> **INSTRUCTIONS FOR THE TASK**: Extract the run of lines that starts at the top of the records below and ends at the line with "Sabot con tomaia", keeping both ends and excluding pictures.

> **DATA FOR REVIEW**:

----------------------------------------

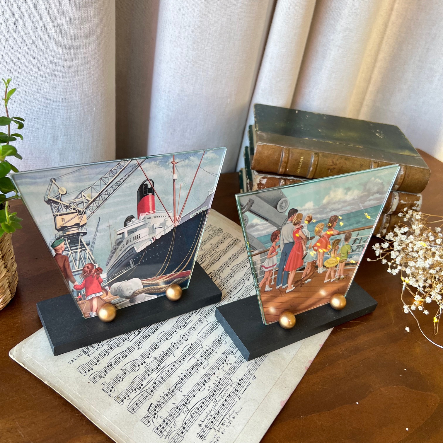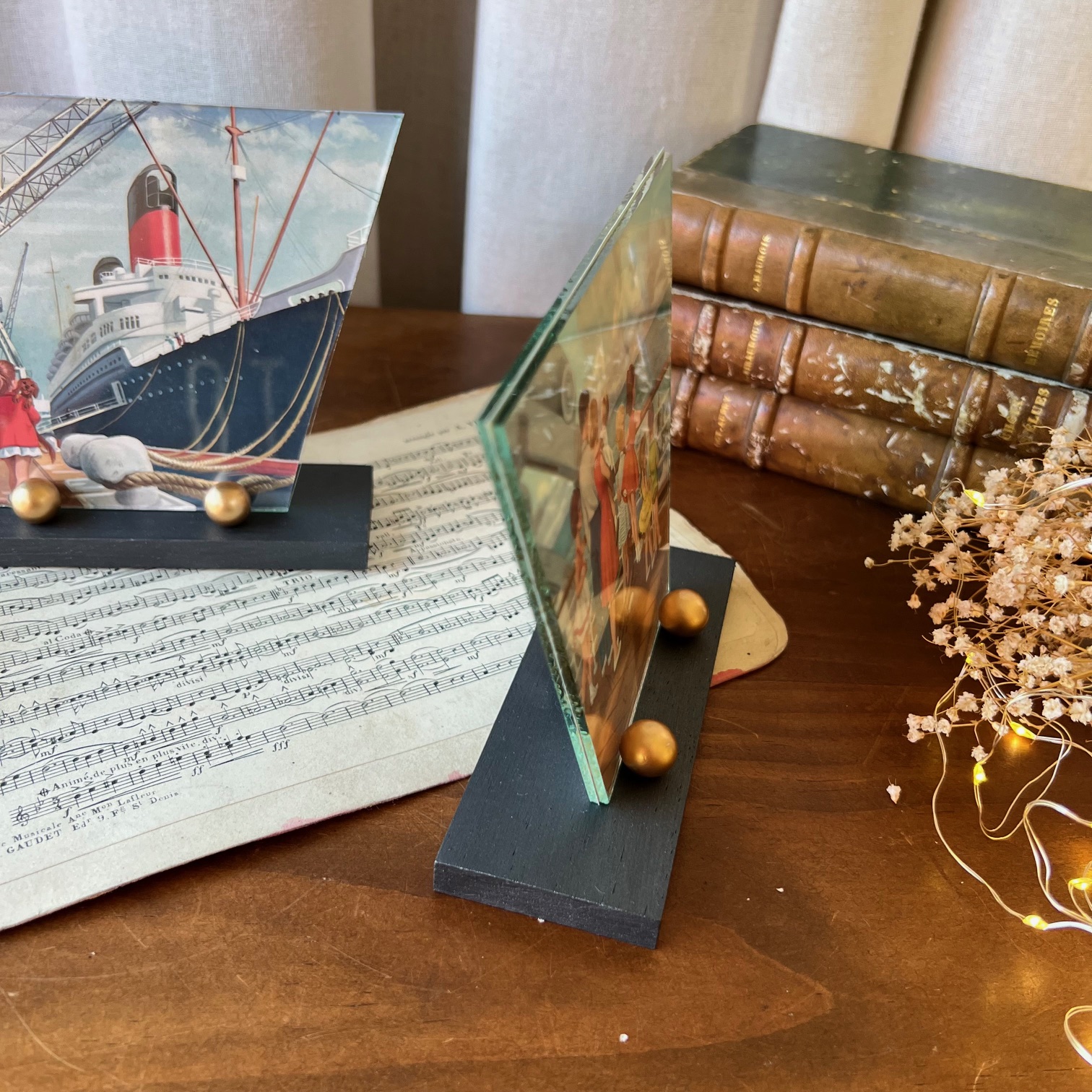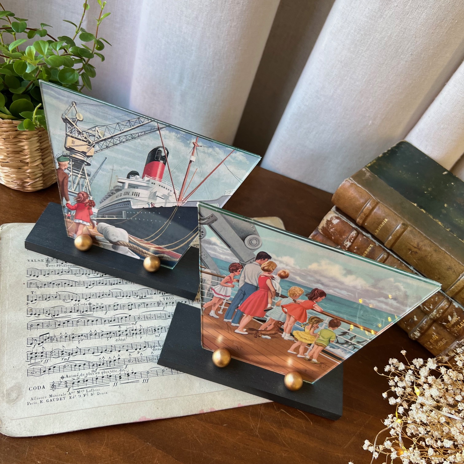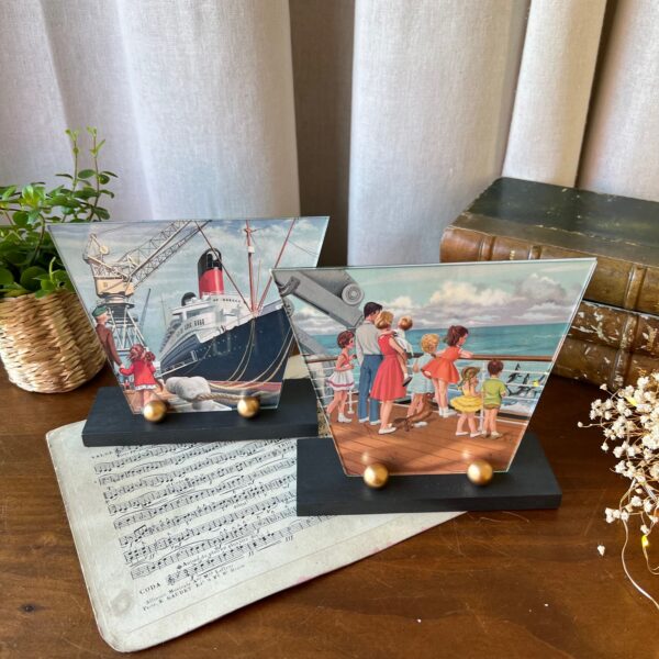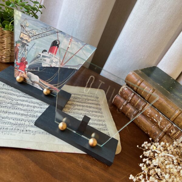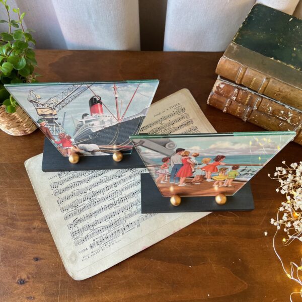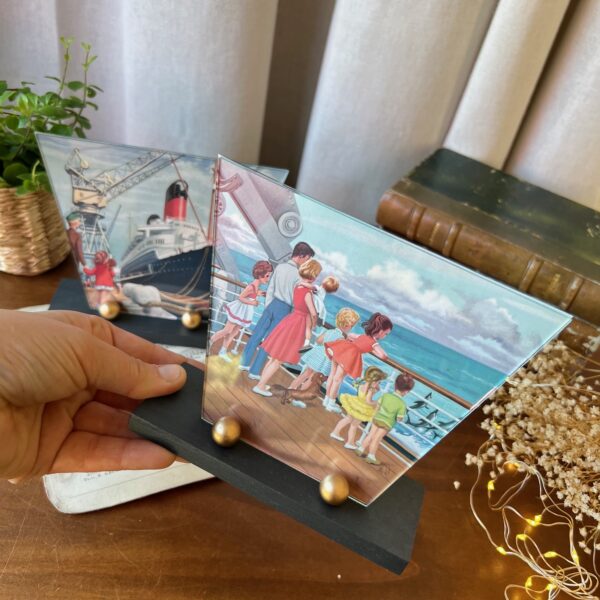 On craque pour ces petits cadres art déco ! Et on aime ce duo avec son support en bois en deux teintes – noir et or – et son double verre à la forme atypique… En attendant d’y exposer vos plus belles photos, j’ai glissé des jolies illustrations issues des aventures de la pétillante Martine.
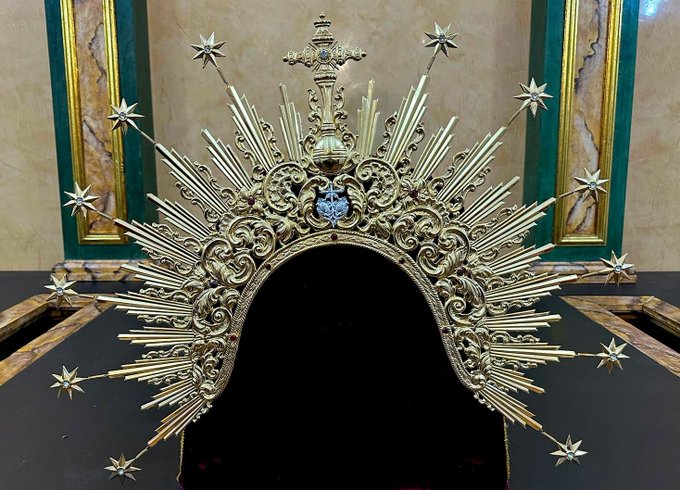 La Hermandad de la Milagrosa ha presentado y bendecido la diadema remozada de la Virgen del Rosario, que se ha enriquecido con un baño de oro de 24 quilates y cambiado el antiguo escudo por uno actual. Se ha mantenido en plata y se le han añadido piedras preciosas. Los trabajos los ha acometido el taller de Orfebrería Andaluza.
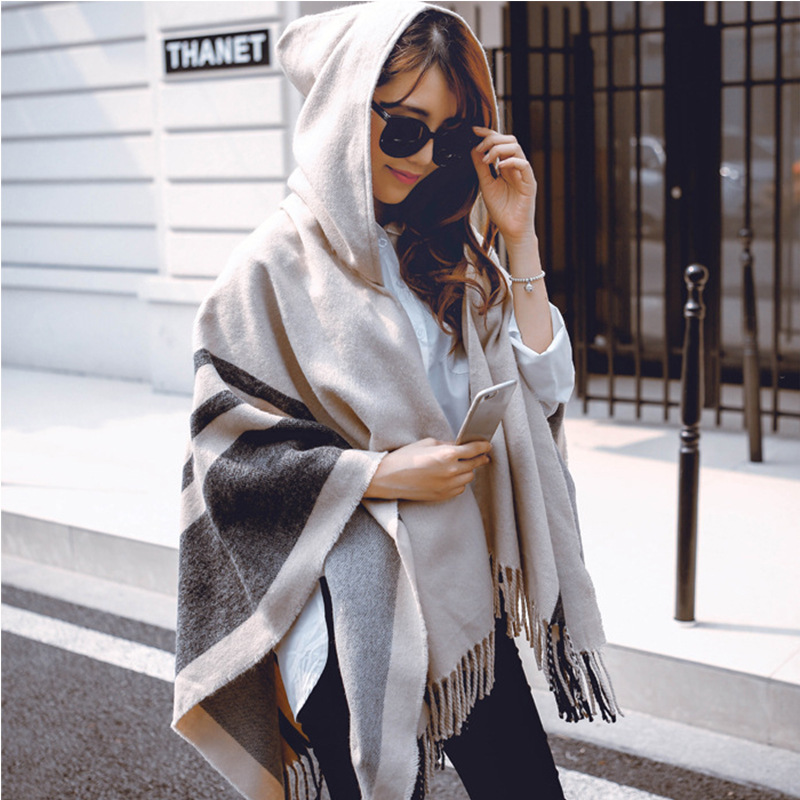Wind new winter scarf women hooded imitation cashmere scarf Cape shawl thicken warm plaid scarf
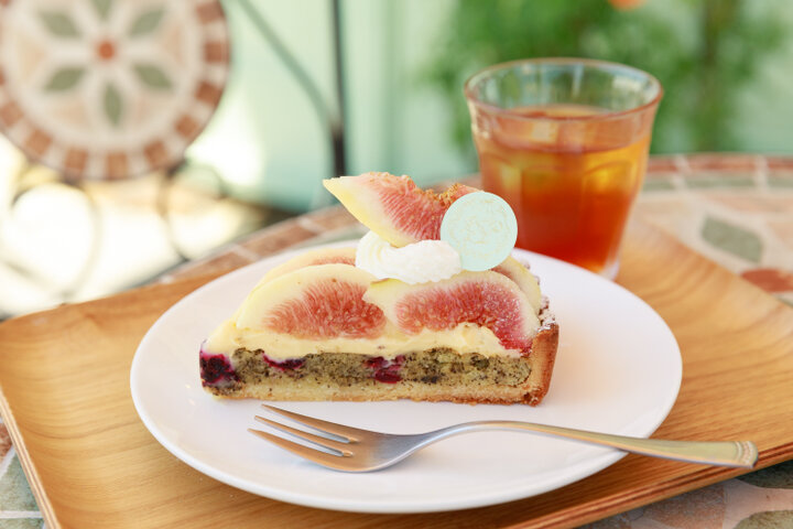 ケーキはテラス席で味わうこともできます。「イチジクと紅茶のタルト」は長瀞産の紅茶と新鮮なイチヂクを使って作られています。完熟のイチヂクがみずみずしく、タルトは甘すぎず、生地に盛り込まれた茶葉が華やかに香ります。こちらは9月下旬頃までの販売です。
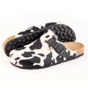 Sabot con tomaia in vera pelle cavallino mucca con cuciture. Regolabile, con cinturino dotato di fibbia in metallo.
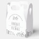 Apportez un sourire au visage de votre invité mariage avec ces boîtes à gables mignonnes et élégantes de Dallas, Texas city skyline. Elles sont dotées d'un accueil de bienvenue en face du toit, suivi du nom de la ville et de la date du mariage en dessous. En dessous se trouvent les noms des jeunes mariés dans une police de style aéré. Tout autour du fond se trouve une version moderne et déco de l'horizon unique de la ville. Sur la partie arrière sont des cloches mariages avec le message "L'amour est doux" un indicateur des friandises à l'intérieur de la boîte et l'amour du couple que la boîte représente. — Ils conviennent comme ballotin pour tout type d'événement de style mariage, comme une fête de fiançailles, un dîner de répétition ou un dîner de réception. La couleur neutre noir et blanc s'intègre parfaitement à presque n'importe quel modèle de couleur unique du mariage. Appréciez de le customiser et de le faire vous-même !

----------------------------------------

> **RESPONSE TO THIS EXERCISE**:
 On craque pour ces petits cadres art déco ! Et on aime ce duo avec son support en bois en deux teintes – noir et or – et son double verre à la forme atypique… En attendant d’y exposer vos plus belles photos, j’ai glissé des jolies illustrations issues des aventures de la pétillante Martine.
 La Hermandad de la Milagrosa ha presentado y bendecido la diadema remozada de la Virgen del Rosario, que se ha enriquecido con un baño de oro de 24 quilates y cambiado el antiguo escudo por uno actual. Se ha mantenido en plata y se le han añadido piedras preciosas. Los trabajos los ha acometido el taller de Orfebrería Andaluza.
Wind new winter scarf women hooded imitation cashmere scarf Cape shawl thicken warm plaid scarf
 ケーキはテラス席で味わうこともできます。「イチジクと紅茶のタルト」は長瀞産の紅茶と新鮮なイチヂクを使って作られています。完熟のイチヂクがみずみずしく、タルトは甘すぎず、生地に盛り込まれた茶葉が華やかに香ります。こちらは9月下旬頃までの販売です。
 Sabot con tomaia in vera pelle cavallino mucca con cuciture. Regolabile, con cinturino dotato di fibbia in metallo.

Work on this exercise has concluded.